In its ruling prohibiting life without parole sentences for under-age killers, the Massachusetts Supreme Judicial Court has codified into law the same denial of judicial discretion the U.S. Supreme Court endeavored to correct in a 2012 ruling on juvenile justice.
And in its attempt to protect the rights of killers, the SJC has done a severe injustice to the families of victims of juvenile murderers.
In 2012, the U.S. Supreme Court in Miller v. Alabama ruled 5-4 that mandatory life in prison without parole sentences for murderers under age 18 violate the Eighth Amendment’s prohibition against cruel and unusual punishment.
Writing for the majority, Justice Elena Kagan noted that juveniles, due to their physical and emotional immaturity, are prone to dangerous and rash behaviors. Such mandatory sentences prevent a judge from weighing the facts of the specific case.
“Such mandatory penalties, by their nature, preclude a sentencer from taking account of an offender’s age and the wealth of characteristics and circumstances attendant to it,” Kagan wrote. “Under these schemes, every juvenile will receive the same sentence as every other — the 17-year-old and the 14-year-old, the shooter and the accomplice, the child from a stable household and the child from a chaotic and abusive one.”
Earlier high court cases had prohibited capital punishment for juveniles and mandatory life-without-parole sentences for youthful offenders in non-homicide crimes. Kagan noted that it is difficult in such cases to distinguish between offenders whose crimes reflect “unfortunate yet transient immaturity” and those resulting from “irreparable corruption.”
“Although we do not foreclose a sentencer’s ability to make that judgment in homicide cases, we require it to take into account how children are different, and how those differences counsel against irrevocably sentencing them to a lifetime in prison,” Kagan wrote.

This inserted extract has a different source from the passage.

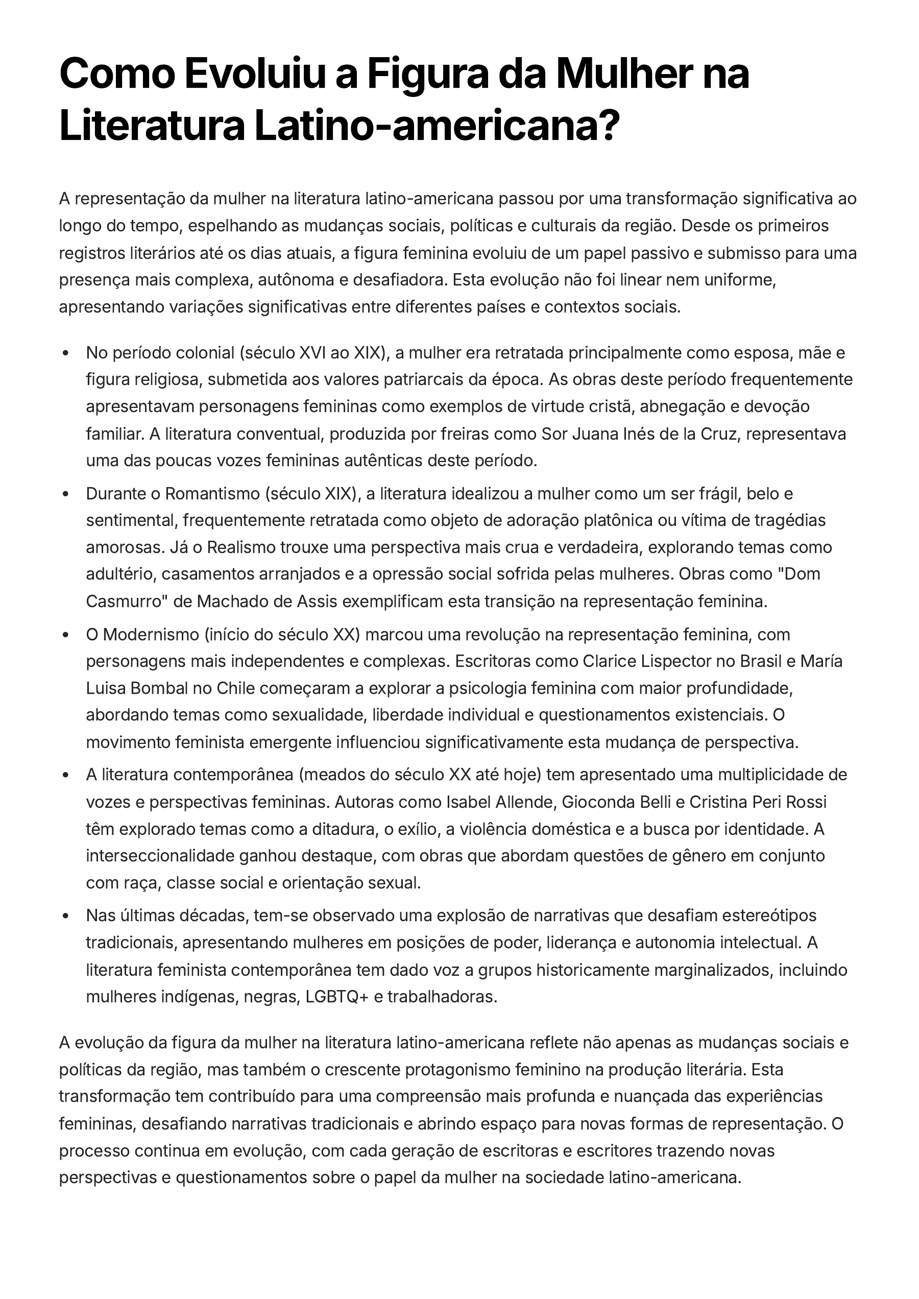 Como Evoluiu a Figura da Mulher na Literatura Latino-americana? A representação da mulher na literatura latino-americana passou por uma transformação significativa ao longo do tempo, espelhando as mudanças sociais, políticas e culturais da região. Desde os primeiros registros literários até os dias atuais, a figura feminina evoluiu de um papel passivo e submisso para uma presença mais complexa, autônoma e desafiadora. Esta evolução não foi linear nem uniforme, apresentando variações significativas entre diferentes países e contextos sociais. No período colonial (século XVI ao XIX), a mulher era retratada principalmente como esposa, mãe e figura religiosa, submetida aos valores patriarcais da época. As obras deste período frequentemente apresentavam personagens femininas como exemplos de virtude cristã, abnegação e devoção familiar. A literatura conventual, produzida por freiras como Sor Juana Inés de la Cruz, representava uma das poucas vozes femininas autênticas deste período. Durante o Romantismo (século XIX), a literatura idealizou a mulher como um ser frágil, belo e sentimental, frequentemente retratada como objeto de adoração platônica ou vítima de tragédias amorosas. Já o Realismo trouxe uma perspectiva mais crua e verdadeira, explorando temas como adultério, casamentos arranjados e a opressão social sofrida pelas mulheres. Obras como "Dom Casmurro" de Machado de Assis exemplificam esta transição na representação feminina. O Modernismo (início do século XX) marcou uma revolução na representação feminina, com personagens mais independentes e complexas. Escritoras como Clarice Lispector no Brasil e María Luisa Bombal no Chile começaram a explorar a psicologia feminina com maior profundidade, abordando temas como sexualidade, liberdade individual e questionamentos existenciais. O movimento feminista emergente influenciou significativamente esta mudança de perspectiva. A literatura contemporânea (meados do século XX até hoje) tem apresentado uma multiplicidade de vozes e perspectivas femininas. Autoras como Isabel Allende, Gioconda Belli e Cristina Peri Rossi têm explorado temas como a ditadura, o exílio, a violência doméstica e a busca por identidade. A interseccionalidade ganhou destaque, com obras que abordam questões de gênero em conjunto com raça, classe social e orientação sexual. Nas últimas décadas, tem-se observado uma explosão de narrativas que desafiam estereótipos tradicionais, apresentando mulheres em posições de poder, liderança e autonomia intelectual. A literatura feminista contemporânea tem dado voz a grupos historicamente marginalizados, incluindo mulheres indígenas, negras, LGBTQ+ e trabalhadoras. A evolução da figura da mulher na literatura latino-americana reflete não apenas as mudanças sociais e políticas da região, mas também o crescente protagonismo feminino na produção literária. Esta transformação tem contribuído para uma compreensão mais profunda e nuançada das experiências femininas, desafiando narrativas tradicionais e abrindo espaço para novas formas de representação. O processo continua em evolução, com cada geração de escritoras e escritores trazendo novas perspectivas e questionamentos sobre o papel da mulher na sociedade latino-americana.

Last week, the Massachusetts Supreme Judicial Court did foreclose a sentencer’s ability to make that judgment. The SJC ruled that all sentences of life without parole, whether mandatory or discretionary, are unconstitutional.
“Simply put, because the brain of a juvenile is not fully developed, either structurally or functionally, by the age of 18, a judge cannot find with confidence that a particular offender, at that point in time, is irretrievably depraved,” the court said.
The court wrote that a sentence of life without parole is “strikingly similar” to the death penalty, which the court has previously determined to be unconstitutional. That view may come as a surprise to those offenders in other states who plea-bargained down to a sentence of life without parole to avoid a death sentence.
The SJC’s ruling is retroactive, meaning that there are some 63 convicted murderers in Massachusetts who now find themselves eligible for parole. Nine of these killers hail from Essex County. Among them are Richard Baldwin, who was 16 in 1992 when he bludgeoned 16-year-old Beth Brodie of Groveland to death with a baseball bat.
Essex County District Attorney Jonathan Blodgett criticized the ruling, arguing that, while he and other prosecutors do not dispute that teen brains are different from those of adults, that is already factored into decisions on whether to charge a teenager with first-degree murder.
“There are some crimes that are so abhorrent and so heinous a juvenile should be sentenced to life without parole,” Blodgett said. “We don’t charge first-degree murder unless the facts are so heinous and horrible that it warrants a first-degree charge.”
The SJC ruling will also impact the case of Philip Chism, the Danvers High student charged with the murder of teacher Colleen Ritzer of Andover. If convicted, Chism’s sentence would include the possibility of parole.
In a statement, the Ritzer family said it felt betrayed that the SJC showed more concern for the rights of killers than compassion for their victims.
“This decision should not be applauded, rather overturned as an act of justice and humanity to victims of violent crimes and their families,” the family said.
While the U.S. Supreme Court’s decision barring mandatory life without parole sentences for juvenile murderers is defensible, the SJC’s decision prohibits judges from considering the nature of the crime and the maturity of the perpetrator in determining a sentence. That is a denial of justice to the families of the victims of these heinous crimes.